Multiple wells drilled on one site and walking rigs. Isn’t human ingenuity grand?

The wizards of the oil industry can drill 4 or 6 or more wells on one pad. They’ve also developed self-propelled rigs.

So what, you ask?

That means less time to drill, far less surface disruption, less truck traffic, and more economical infrastructure.

It’s call pad drilling.  Here is an illustration:

 

Photo: Chesapeake / Statoil. Used with permission.

There are 24 wells in that illustration, but the drilling was done from only 4 sites.

The Energy Information Administration discusses this in their article Pad drilling and rig mobility lead to more efficient drilling:

For example, “pad” drilling techniques allow rig operators to drill groups of wells more efficiently, because improved rig mobility reduces the time it takes to move from one well location to the next, while reducing the overall surface footprint. A drilling pad is a location which houses the wellheads for a number of horizontally drilled wells. The benefit of a drilling pad is that operators can drill multiple wells in a shorter time than they might with just one well per site.

In the picture above, each of the four drilling pads hosts six horizontal wells. Pad drilling allows producers to target a significant area of underground resources while minimizing impact on the surface. Concentrating the wellheads also helps the producer reduce costs associated with managing the resources above-ground and moving the production to market.

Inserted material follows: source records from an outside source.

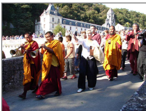
Devant la magnifique abbaye de Brantôme, défilé rituel des moines après la dispersion des sables
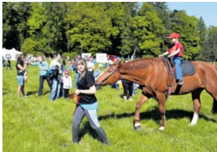
Projížďka na koni byla velkým zážitkem pro většinu přítomných dětí.

Nízkoprahové zařízení Fontána založil Klub mladých Filadelfia v Karviné v roce 2003. Funguje v kulturním domě Beseda ve Fryštátě (bývalá požární zbrojnice). Je chráněným místem pro mládež, která zde nachází jak podporu a odbornou pomoc, tak i zábavu a prostor pro vlastní aktivity. Vstup do klubu je zdarma pro všechny ve věku 7 až 18 let. Obecným cílem nízkoprahových zařízení je minimalizovat rizika související se způsobem života dospívajících a umožnit jim lépe se orientovat v jejich sociálním prostředí a řešit jejich problémy. syf
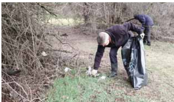
La majeure partie des déchets reste tout de même le papier. DAYER
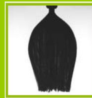
Обработанная Volumea прядь
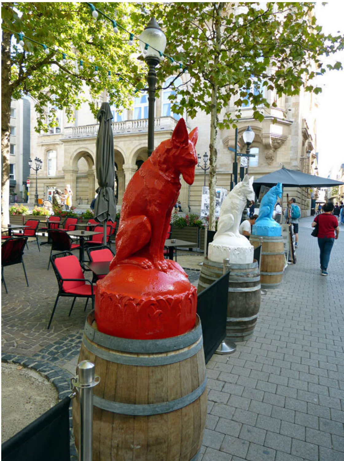
Красный, белый и синий лисы.

Потом заиграл военный оркестр, и сразу появилось ощущение, что мы очутились во Франции. К тому же большинство народа вокруг разговаривало по-французски. От Place d'Armes мы прошли до следующей крупной площади, Place Guillaume II. Местные называют её Knuedler в честь францисканского монастыря, который располагался здесь с XIII по конец XVIII века. Францисканскую робу подпоясывают верёвкой с тремя узлами, символизирующими три монашеских обета. А «узел» по-люксембургски – «de Knued» или в просторечии «Knuedler».
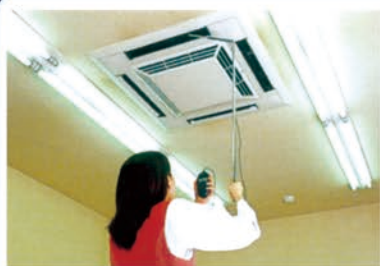
空调等风量的检查 (延长棒为选择件)
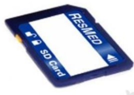
38728 SD-kort S9
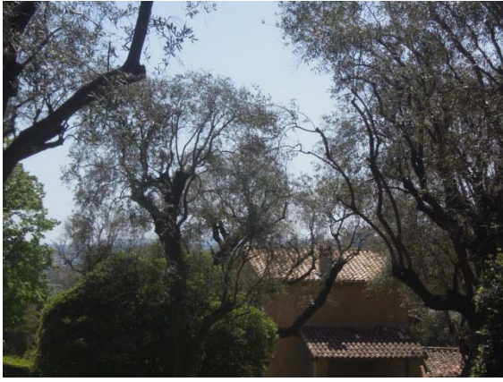
Le dos de la Maison des Colettes de Renoir (fermé)
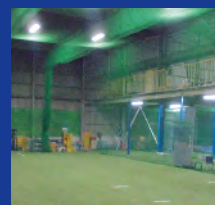
バッティングスペース
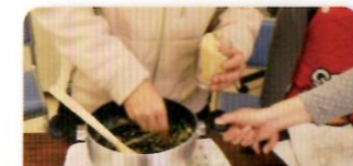
できあがりを集めて…

寒冷で雑菌の少ない季節ということで、「古代のチーズ」といわれる「蘇(そ)」を作って試食しました。「蘇」は生乳をこげないようにゆっくりと煮詰めて作ります。参加者のみなさんは、初めは火加減にとまどっていたようですが、次第に手なれた調子で交代しながら鍋をかき回していました。できあがるまでは「蘇」についての解説です。当時の蘇をはじめとした乳製品は貴人だけが食べられた食品で非常に貴重なものでした。試食では「自然の味で美味しかった。」「チーズは古代からあったのですね。」といった感想が寄せられました。
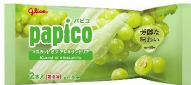
パピコ<マスカット オブ アレキサンドリア>

「界 アルプス」は、北アルプスに抱かれた長野県・大町温泉郷に位置しており、雪化粧した山々を眺めながら、冬のピンと張り詰める空気の中の湯浴みを楽しめます。大自然の安らぎを感じながらリフレッシュできる「界 アルプス」では、芳醇な香りと素材を活かした味を楽しめる「パピコ<マスカット オブ アレキサンドリア>」を提供します。
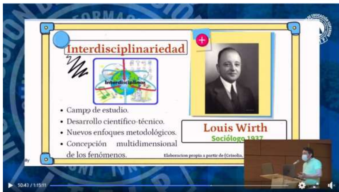
XII ENCUENTRO DE SEMILLEROS DE INVESTIGACIÓN - ITFIP 2022
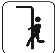
Barra de bomberos
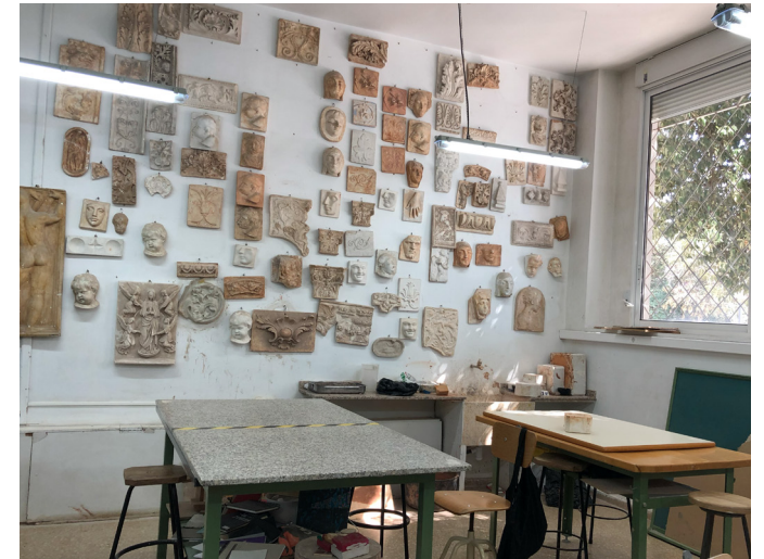
Töpferwerkstatt am Campus Vivers
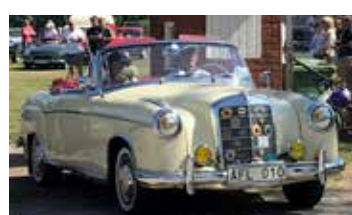
Mercedes-Benz 220 S 1956
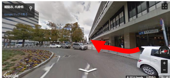
姫路駅「南口」を出て西方向へ約50m

お席には限りがございますのでご希望通りご乗車 いただけない場合もございますので予めご了承ください
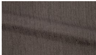
Be Fine 071
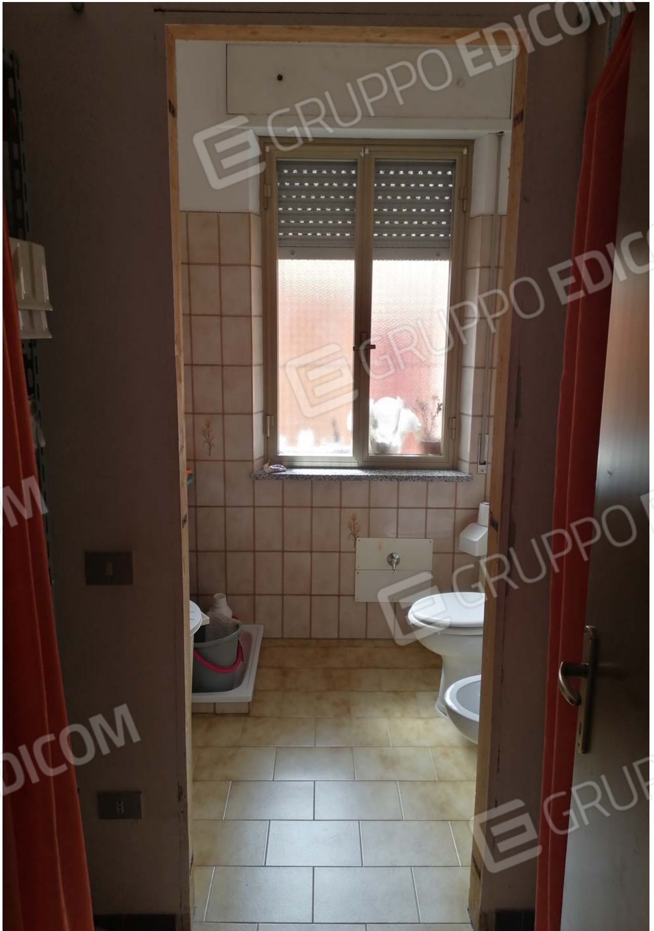
Foto 18: Vista sui servizi igienici bagno e antibagno dell'unità sub. 5.
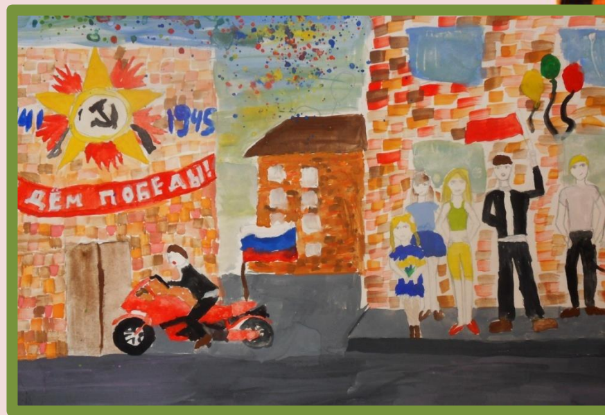
Оверченко Валерия, 6в

When a well is completed, the rig needs to be disassembled, moved to a new location and reassembled. This is called “rigging down” and “rigging up.” It takes a lot of time.

New rigs have an ability to “walk’”from one well to another. Combine that with pad drilling and you can save a lot of time. Have the rig side-step a short distance to the new well site and resume drilling. That saves a tremendous amount of time and cost.

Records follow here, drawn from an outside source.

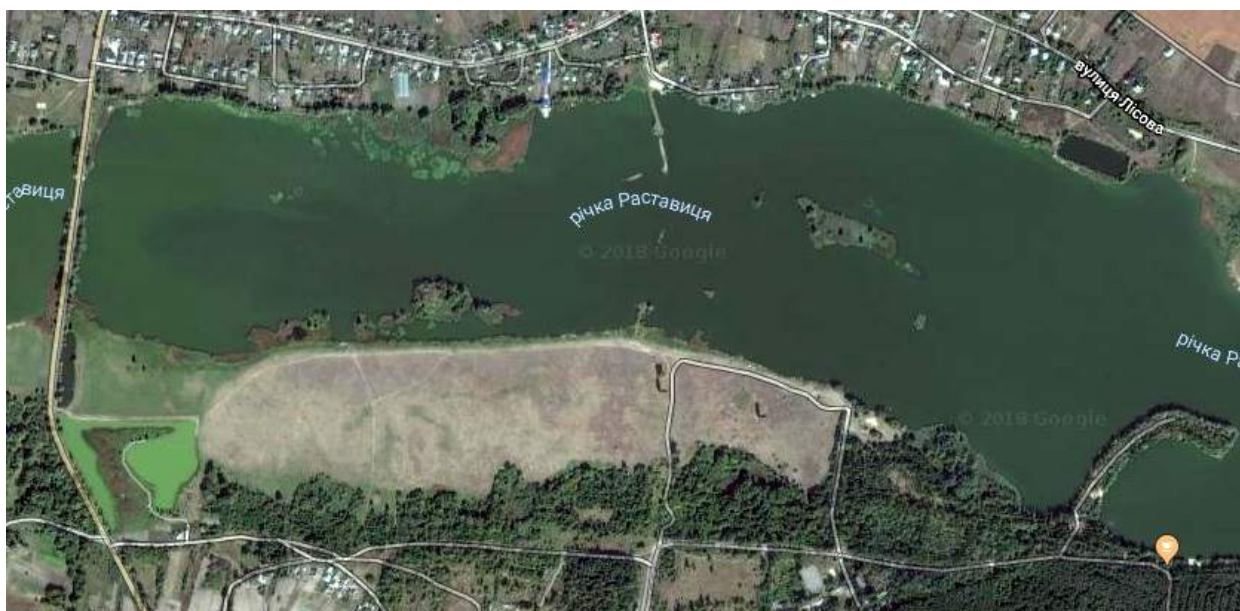
Рис. 1. Локалізація місця нумізматичного польового дослідження (показане стрілками), с. Трушки Білоцерківського району Київської області. Фрагмент супутникової мапи Google, 2018 р.
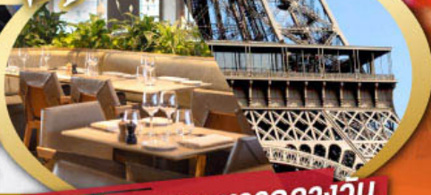
รับประทานอาหารกลางวัน บนหอคอยไอเฟล
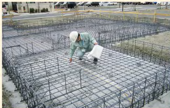
住宅瑕疵担保責任保険基礎配筋検査
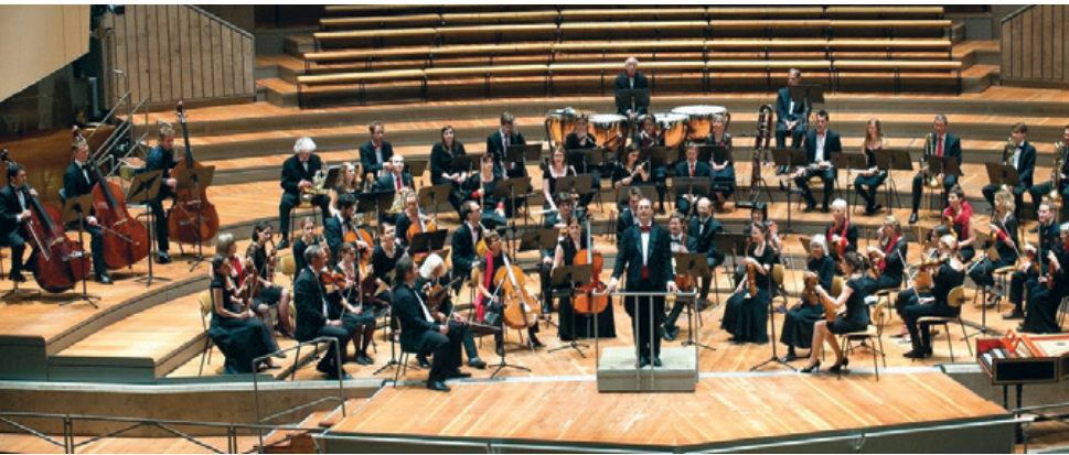
Swiss Philharmonic Academy Orchestra in der Berliner Philharmonie
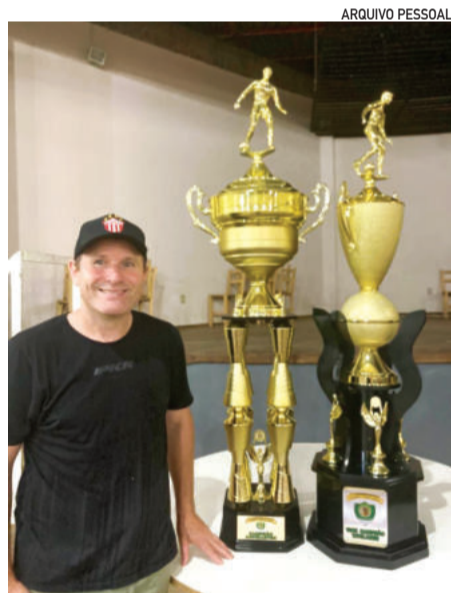
Remor é um nome conhecido no amador

É mais um interessante confronto dessa decisão, que promete ser uma das mais agitadas da história.

Check out this cool time-lapse video that shows a rig side-stepping to a new well. Watch for the feet at the end of the video:

Walking-Rig-Time-Lapse.aspx

The next step? The cost involved in rigging up and rigging down is so high that it makes sense to build a road between pads and have the rig walk to the next site. The EIA article says:

One of the industry’s more recent innovations, pad-to-pad moves, underscores the efficiency gains from rig mobility and pad drilling. During the drilling operation pictured below, rig operator Nabors Industries transported a fully-assembled drilling rig about one mile between drill sites. The cost of rigging down and rigging back up can be high enough that producers may find it more efficient to build a road between two pads, transport the rig intact, and have it arrive ready to drill the next well.

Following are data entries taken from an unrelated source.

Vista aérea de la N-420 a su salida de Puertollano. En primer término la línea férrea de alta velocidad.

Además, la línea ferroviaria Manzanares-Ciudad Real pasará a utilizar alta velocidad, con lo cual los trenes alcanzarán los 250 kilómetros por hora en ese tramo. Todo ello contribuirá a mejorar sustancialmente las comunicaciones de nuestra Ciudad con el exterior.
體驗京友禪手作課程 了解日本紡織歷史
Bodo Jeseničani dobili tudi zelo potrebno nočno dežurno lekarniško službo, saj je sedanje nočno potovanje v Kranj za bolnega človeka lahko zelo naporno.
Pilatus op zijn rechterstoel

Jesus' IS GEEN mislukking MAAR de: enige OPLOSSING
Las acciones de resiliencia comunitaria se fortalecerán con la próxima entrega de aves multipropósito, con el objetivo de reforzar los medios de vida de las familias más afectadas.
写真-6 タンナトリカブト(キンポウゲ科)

Check out the photo in the EIA article of a rig walking down the road to the next site.

The application of human ingenuity means getting to oil faster and cheaper than a year ago.  With the results of other human ingenuity, such as horizontal drilling (look at that illustration again – changing the direction of the well twice before changing again to the horizontal!) and fracking the drillers can recover what was unimaginable a few years ago. Cool.